Liability for negligence depends on a showing that the injury suffered by plaintiff was caused by the alleged wrongful act or omission to act by the defendant. Merely to show a connection between the negligence and the injury is sufficient to establish liability.
A patient sustained back injuries that resulted from a car accident. She submitted a personal injury claim through her insurance carrier, which required she have a medical examination. X-rays were taken of her lower back without inquiry as to whether she was pregnant. Unbeknownst to her, the patient was pregnant at the time of the x-ray. Her doctor confirmed the pregnancy after multiple tests and she was advised to terminate pregnancy because the fetus had been exposed. The patient had a therapeutic abortion and the pathology report stated the fetus was dead at the time of abortion. She filed a claim against doctor for medical malpractice. The patient's gynecologist, however, was not qualified by the court as an expert witness and the doctor was granted a directed verdict. The patient contended there was sufficient evidence to present to the jury a prima facie case of malpractice. The case was appealed to the Court of Appeal of Florida.
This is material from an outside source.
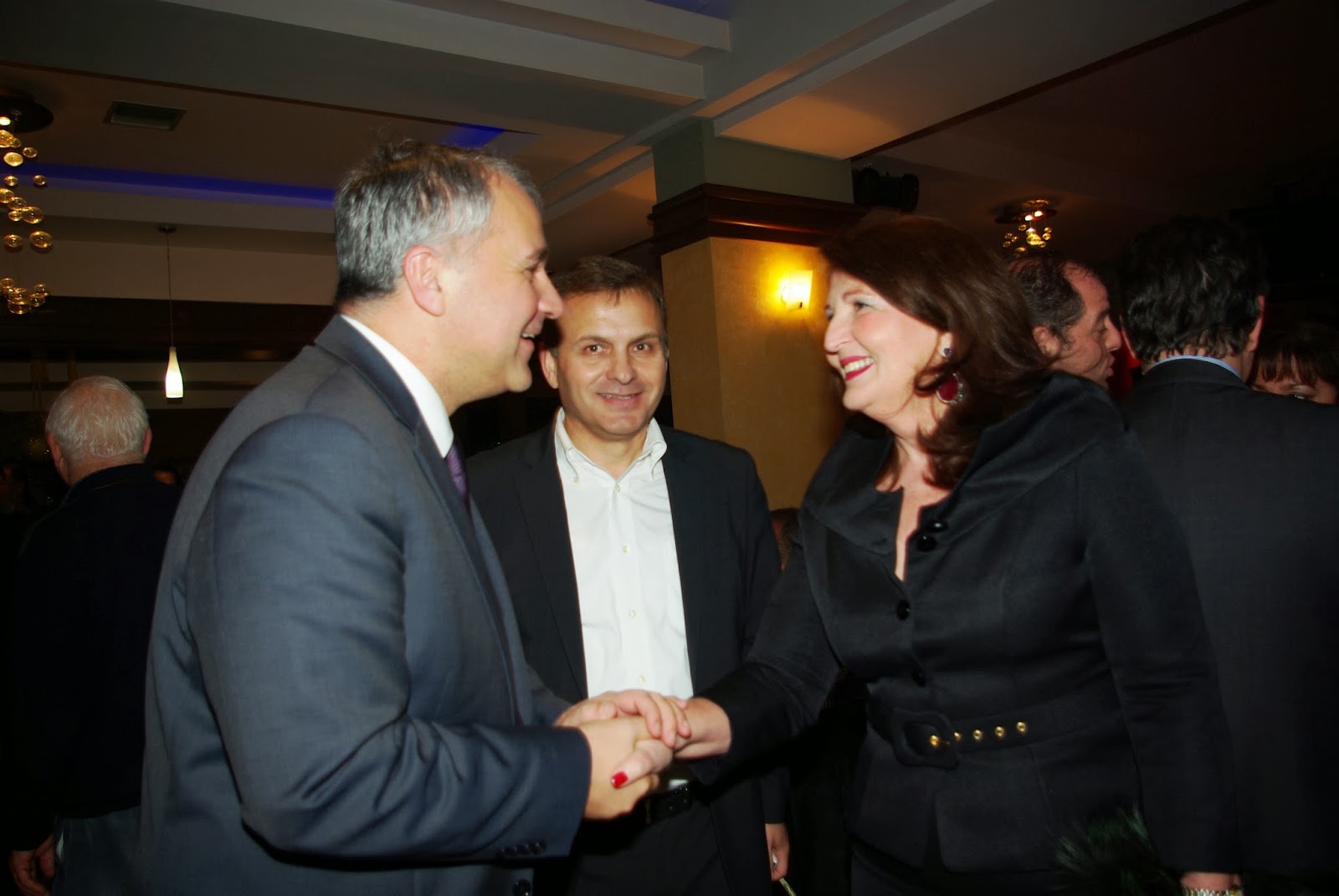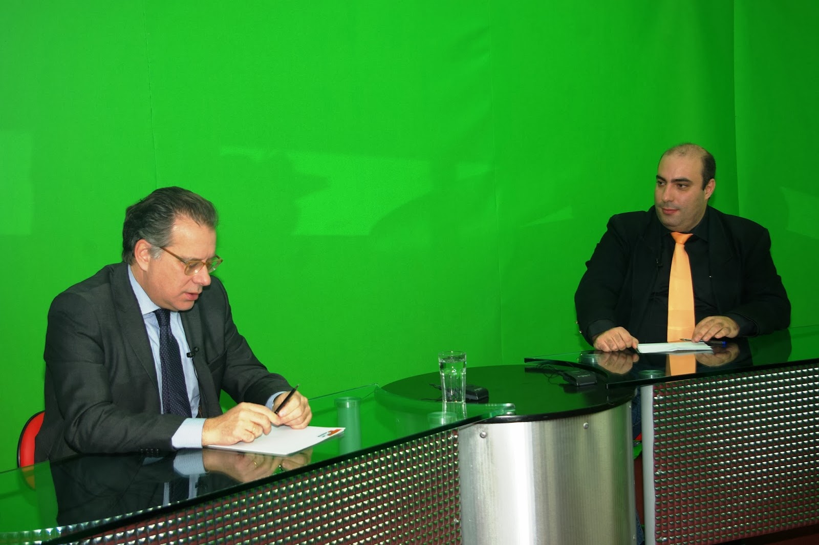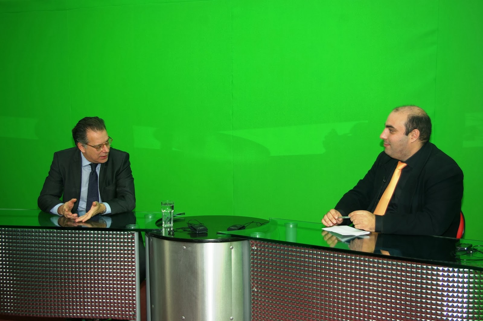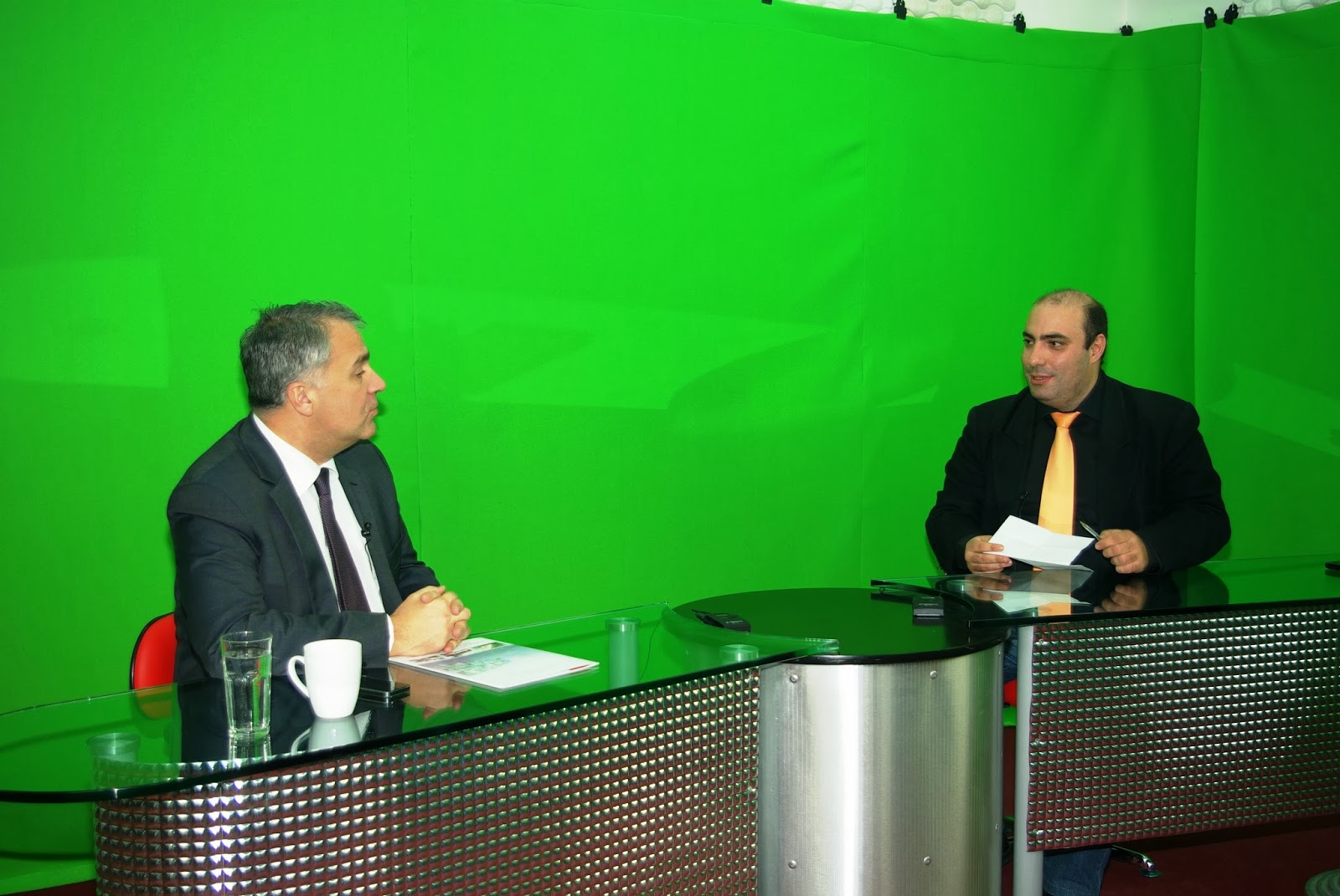 | Ο Ευρωβουλευτής Γιώργος Κουμουτσάκος με τον έναν εκ των ιδιοκτητών της Πέλλα τηλεόραση Άκη Κοσκινόπουλο |

Should the doctor be liable for medical malpractice?
The court held that the directed verdict was proper because the patient did not know she was pregnant. Thus, if the doctor failed to inquire, his act was not the cause directly related to the injury because the x-ray would still have been performed. The gynecologist doctor was not qualified as an expert because the doctor being sued for malpractice was a radiologist.